Migraine headaches are very common and can last from a few hours to three days. Sadly, these headaches are one of the least understood medical disorders that are not treated very well, since they are likely consequence of a complex interplay of genetic, environmental, and neurological factors that vary from person to person.
Furthermore, the experiences of those suffering from migraines also range to a great extent. Alongside the common symptoms such as throbbing, searing pain, which may or may not be one-sided, some patients also experience “auras” prior to onset, while some of them do not.
Migraines can also trigger chills, sweating, nausea, vomiting, fever, and/or sensitivity to light, sound, and smells in some cases.

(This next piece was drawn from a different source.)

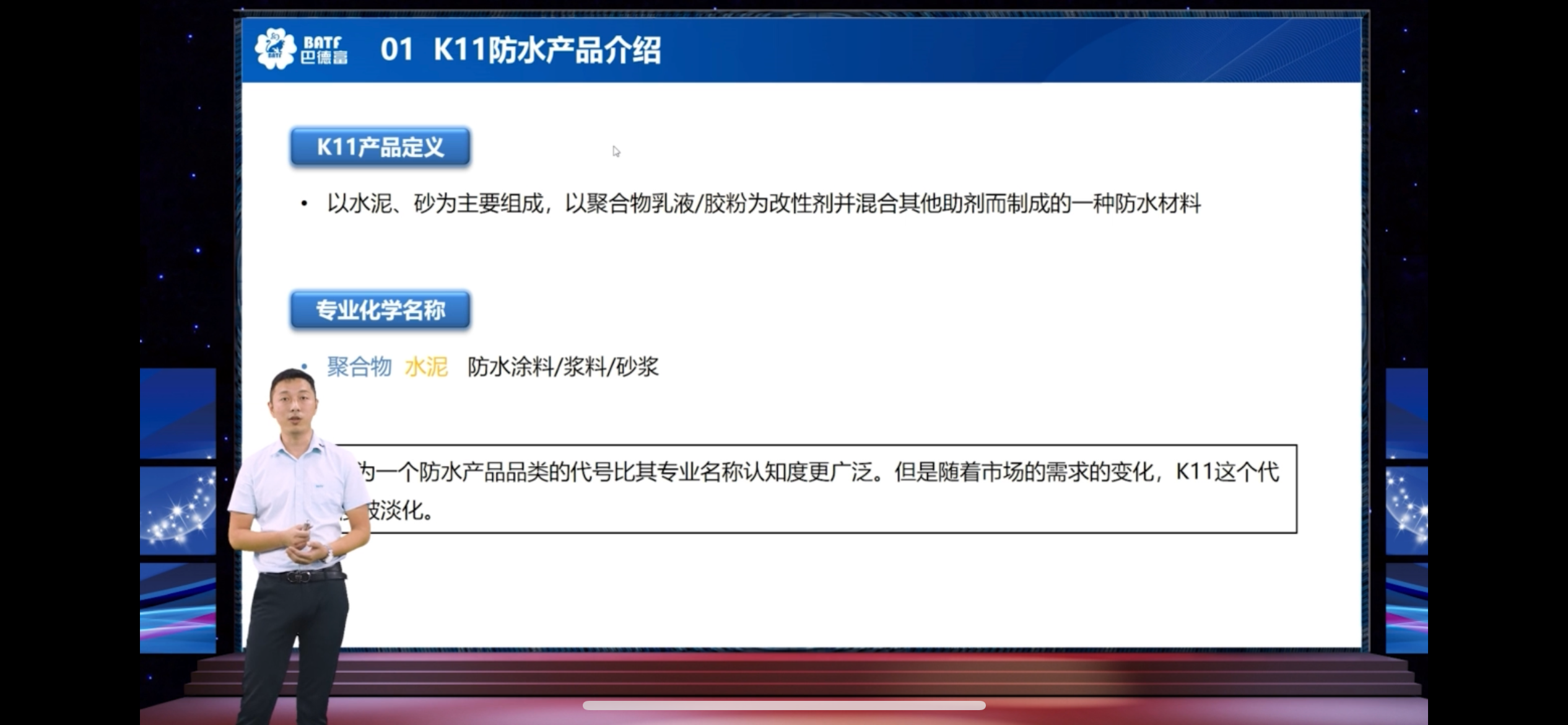 他主要从K11防水产品介绍:产品定义、产品分类、配方构成、应用部位;常见问题分析及解决方案:施工性、涂膜“发白”、气味,这两方面让我们重新认识“K11”,而且他表示防水涂料的痛点都能通过技术领先的乳液产品进行改善,在直播中巴德富首次为我们展示了有关市场痛点的乳液推介解决方案。

Research has proven that more than 300 million people worldwide — about 6 to 7 percent of men and 15 to 18 percent of women — suffer from migraine headaches, and approximately 20 million migraine attacks occur every single day.
Causes of Migraine
The causes of migraines have been examined in a numerous studies, but none of them can fully explain the development of migraines in all sufferers. Once in a while these theories can be contradictory but most of them assert that the causes of migraine include:
- Excessive increase of blood flow in the brain. However, some studies concluded that these headaches are not preceded by constriction and decrease in blood flow, but rather by an increase of nearly 300 percent. Nonetheless, once the migraine attack is in full power, circulation functions normal, or only slightly decreased.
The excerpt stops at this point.